With one exception the building might be considered a period 5 bay clapboard Georgian, but that one exception totally informs the house — the projecting frontispiece with a second storey overhang of the main entry. We can only imagine why Mr. Peabody might have made the substantial investment required to make this architectural statement (the glass for the six double-hung windows alone would have been very expensive), but make it he did and the building served as dwelling for families through the 19th century and then shifted to institutional use (hospital) from 1920 to the 1950s.

Somehow over nearly two centuries, while all other examples of this expression in North America were lost, Mr. Peabody’s house survived. Then, in the first decade of the 21st century, a developer purchased the property but, rather than demolish all the buildings on the site, they elected to restore the original Peabody building and sympathetically integrate the condominium complex behind.

The result is a unique (perhaps the only surviving example of this form in North America) piece of built heritage preserved within a streetscape and visually integrated to the condo behind.

Simply, a superb example of contextually appropriate 21st century development.

Turning to our second example, we’ll head to John Street.

Since the earliest days of settlement agriculture has been a mainstay of Niagara’s economy and associated industries were founded to handle the produce of the farmers’ labour. As a part of this industrial development, during the latter part of the 19th century, a cannery was built on John Street principally to process peaches and tomatoes.

The building itself was typical of late Victorian era industrial construction — solid brick walls rose to support timber framed rafters. The walls were pierced by ranked segmentally arched openings in regularly placed bays holding operable windows that flooded the interior with light and provided ventilation.

Some of the brands produced within its walls have been lost to time, but others (like Aylmer and Maple Leaf) would still be recognized today. The cannery operated for more than six decades, finally closing in the late 1950s during the first wave of sector consolidation. 
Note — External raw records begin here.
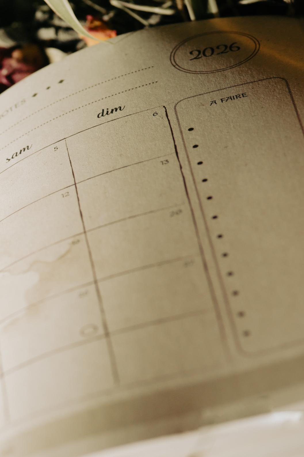 - également un agenda complet commençant le 01.01.2026 avec des calendriers annuels, mais aussi mensuels , hebdomadaires, et un cycle menstruel/lunaire par mois à compléter selon VOTRE cycle, totalement unique.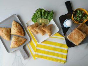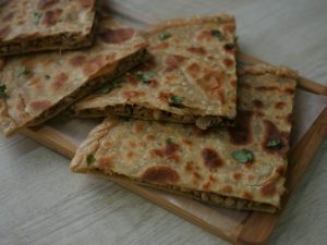 Roll out another dough and put filling/stuffing in the center, place another round dough on top, seal edges and roll out carefully with the help of rolling pin.
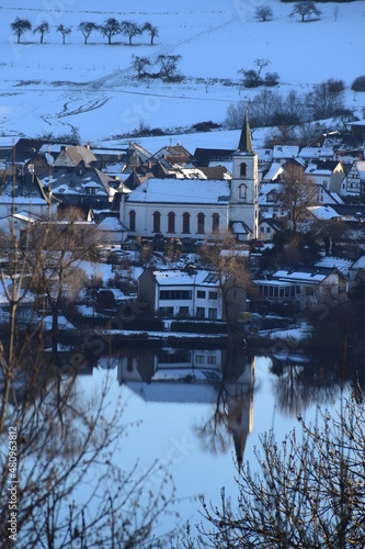 reflektierte Kirche und Höuser im Schalkenmehrener Maar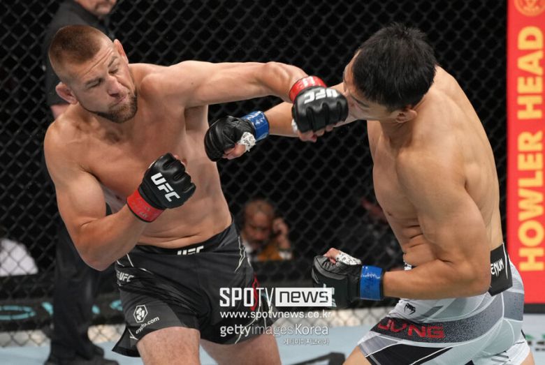 정다운은 2015년 프로로 데뷔해 빠르게 성장한 대한민국 차세대 에이스. 2019년 UFC에 입성해 5경기 4승 1무를 기록하고 있었는데 이번에 옥타곤에서 처음 패배를 맛봤다.

The building was sold and sat largely underutilized until it was acquired by John Drope in the late 1960s. Mr. Drope reimagined this old industrial building as a fine hotel and restaurant, proceeding immediately with its conversion and opening the doors of the Pillar & Post on July 1, 1970.

In both of these examples the architecture conveys a sense of permanence and history to those who walk by or enter through the doors. For most, it is an indefinable “something” conveying it truly belongs within the warp and weave of Niagara-on-the-Lake.

That “something” is what modern architects far too often fail to capture in their new designs.